**TASK**
In the listing that follows, find the line with "搭载1300万像素高性能工业相机,可完整获取工件的细微几何特征。", then copy exactly from it through the line with "materiál masiv borovice", leaving out every picture.

☆ ☆ ☆ ☆

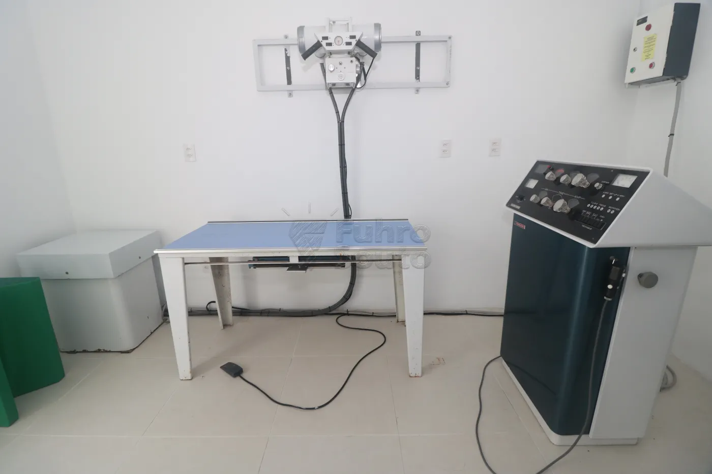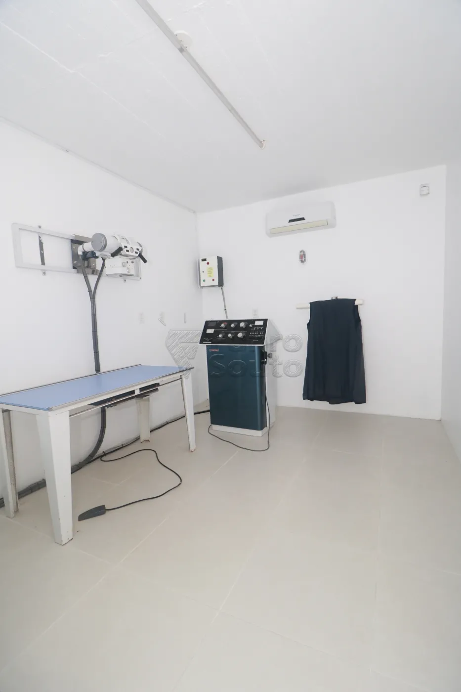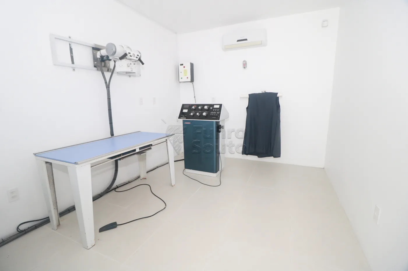 Sala de raio X - construída com estrutura especial, instalação elétrica trifásica independente e porta com lençol de chumbo, além de espera para split
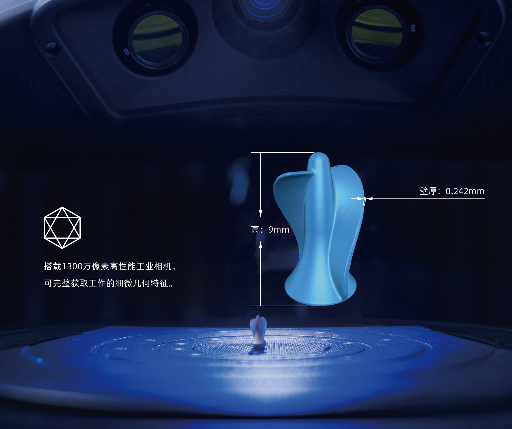 搭载1300万像素高性能工业相机,可完整获取工件的细微几何特征。
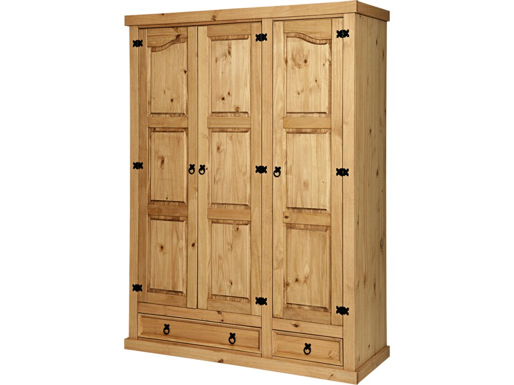 materiál masiv borovice voskovaná v medovém odstínu prostor dělený v poměru 2:1 širší část šatní tyč a police, užší část 3 police ve spodní části 1 velká a 1 malá zásuvka, kovové ozdobné úchytky doporučený nástavec CORONA 16952 součást sestavy Corona
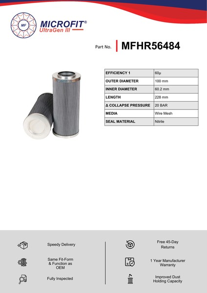 Genuine MicroFit® UltraGen III MFHR56484 filter. Engineered and manufactured in Great Britain the MFHR56484 is designed to meet or exceed the quality and performance of OEM quality standards, ensuring superior filtration performance and the longest possible filter life.Building on over 50 years of filtration expertise, the UltraGen III series is the third generation of MicroFit® filter media, delivering exceptional efficiency and reliability.
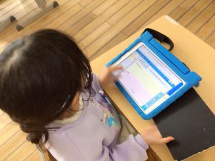 確認が終わるとすぐにタブレットのワークシートに問題文を入力し始めました。どんな問題ができるか楽しみです。

☆ ☆ ☆ ☆

**ANSWER SPACE**
 搭载1300万像素高性能工业相机,可完整获取工件的细微几何特征。
 materiál masiv borovice voskovaná v medovém odstínu prostor dělený v poměru 2:1 širší část šatní tyč a police, užší část 3 police ve spodní části 1 velká a 1 malá zásuvka, kovové ozdobné úchytky doporučený nástavec CORONA 16952 součást sestavy Corona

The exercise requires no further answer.